El mercado del automóvil se encuentra en plena transformación, ya no solo en España, en todo Europa: las restricciones y las normativas están impulsando la movilidad sostenible, y la electrificación está ganando terreno en este aspecto. A su vez, esto ha protagonizado la irrupción del mercado chino, que ofrece propuestas eléctricas muy competitivas con precios muy agresivos.
Y las marcas chinas no solo han irrumpido con marcas propias que triunfan en el país asiático, también ha irrumpido con grandes grupos que han apostado por inyectar capital, y su industria en marcas locales. Es el caso de Ebro, que, de la mano de Chery, ha vuelto a renacer en los últimos años en España.
La histórica marca está asentada en Barcelona y ahora prepara un salto decisivo en su estrategia industrial, la puesta en marcha de una nueva línea en la planta que, además de elevar la producción, redefine el modelo que llevará a cabo. El S700, su modelo icónico, será el primer en beneficiarse de esta nueva estrategia.
Ebro acelera su producción en Barcelona
La novedad viene de la línea de producción M1 de la planta situada en la Zona Franca de Barcelona. Esta nueva infraestructura tendrá el potencial para fabricas 120 vehículos cada día en este inicio, pero cuando esté a pleno rendimiento, tendrá músculo suficiente para elevar la cifra a las 500 unidades por día.

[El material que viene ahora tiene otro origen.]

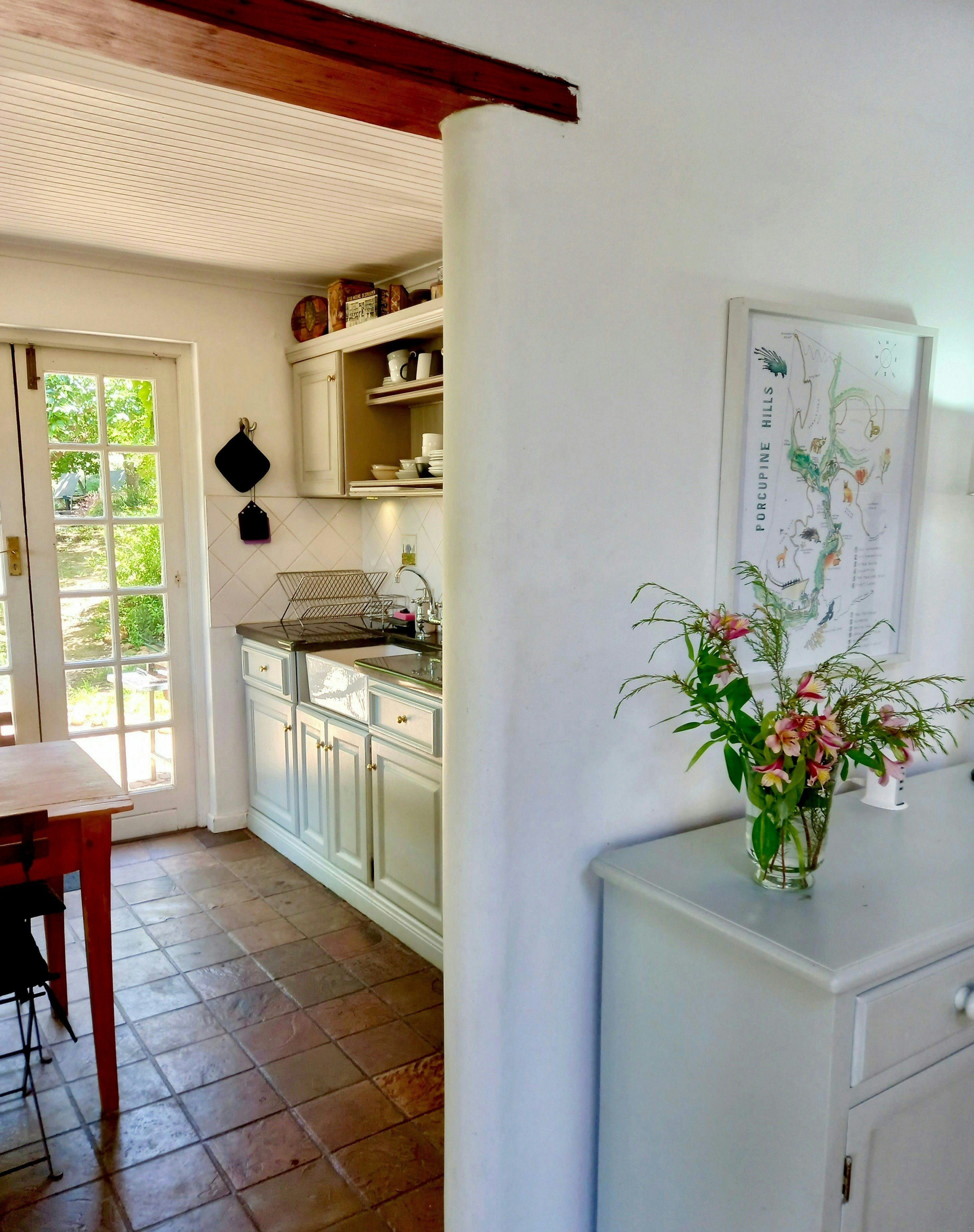 Die oopplan-kombuis is met 'n yskas-vrieskas, stoof, oond, mikrogolf, basiese eetgerei, breekware en tee- en koffiemaakgeriewe toegerus. Daar is ook 'n etenstafel. Die sitarea langsaan het gemaklike rusbanke en 'n kaggel.

En total, serán 280 unidades más al día de producción, una cifra que, sobre todo, refleja la ambición de la marca, y del grupo Chery, que quieren consolidarse en el mercado y convertirse en uno de los grandes protagonistas de la industria en la segunda mitad del año 2026, y en el 2027.
No solo es una ampliación de volumen, es ampliar la capacidad tecnológica de la empresa. Hasta ahora, los vehículos llegaban prácticamente ensamblados de china, pero la nueva planta va a permitir fabricar los vehículos prácticamente al completo, lo que supone un incremento del valor añadido local, y al mismo tiempo, reduce la dependencia de procesos externos.
Para llevar a cabo todo esto, la compañía ha invertido 100 millones de euros, con el objetivo de poder producir 50.000 vehículos en este 2026, eso sí, estas cifras estarán condicionadas a como responda el mercado, lógico por otro lado.
El primer modelo de Ebro
El gran protagonista en el inicio de esta nueva etapa será el S400, y no el S700. Este modelo inaugurará la línea M1, lo que supone un movimiento estratégico. En primer lugar, al ser el coche más pequeño de la gama, permite que los inicios sean más accesibles y de más volumen potencial, antes de que se introduzcan los modelos más grandes, complejos y potentes de Ebro.
Una vez se inicie el precio con el S400 y todo funcione correctamente, llegará el turno del S700, el modelo más representativo hasta la fecha, el que ha logrado consolidarse en el mercado en estos últimos años. Por el momento, los modelos S800 y el S900 seguirán produciéndose en la línea M0, así que la apuesta será la de un sistema mixto durante esta primera fase de transición.
De esta forma, la firma minimiza riesgos y se puede centrar en arrancar de forma óptima la nueva planta, sin la responsabilidad que supondría pasarlo todo de golpe, y asegurando de esta forma, que cada modelo logra adaptarse de manera correcta a los nuevos procesos que se han introducido.
Ebro y su alianza con Chery
Como decimos, Ebro le debe mucho a Chery, el gigante chino, socio en este proyecto y clave para la resurrección de la marca española. Porque gracias al músculo de Chery, la tecnología es ahora, seña de identidad de un vehículo que, sin ella, difícilmente podría competir en el mercado actual.
Tal es la alianza, que es posible que la planta de Barcelona comience a producir modelos de las otras marcas, como el Omoda 5 o el Jaecco 5, a finales de este mismo año. Esto, sin duda supondrá un empuje importante, no solo para la planta, también para la industria española, que poco a poco, se irá posicionando como uno de los referentes en la movilidad eléctrica en todo el continente.
Pero volviendo al EBRO y a la nueva planta, el objetivo de la compañía es lograr vender 28.000 y 30.000 unidades anuales en los años 2028 y 2029, y con los nuevos modelos que entrarán en el grupo, pretende que en total se puedan superar las 100.000 unidades en ese mismo año.
Ebro abre una nueva planta en Barcelona, coge músculo en la industria, gracias a la inyección de Chery. Con este movimiento, la empresa se asegura crecer, aunque para ello, debe haber una respuesta del consumidor. No cabe duda de que este movimiento favorece a la industria, pero también al país.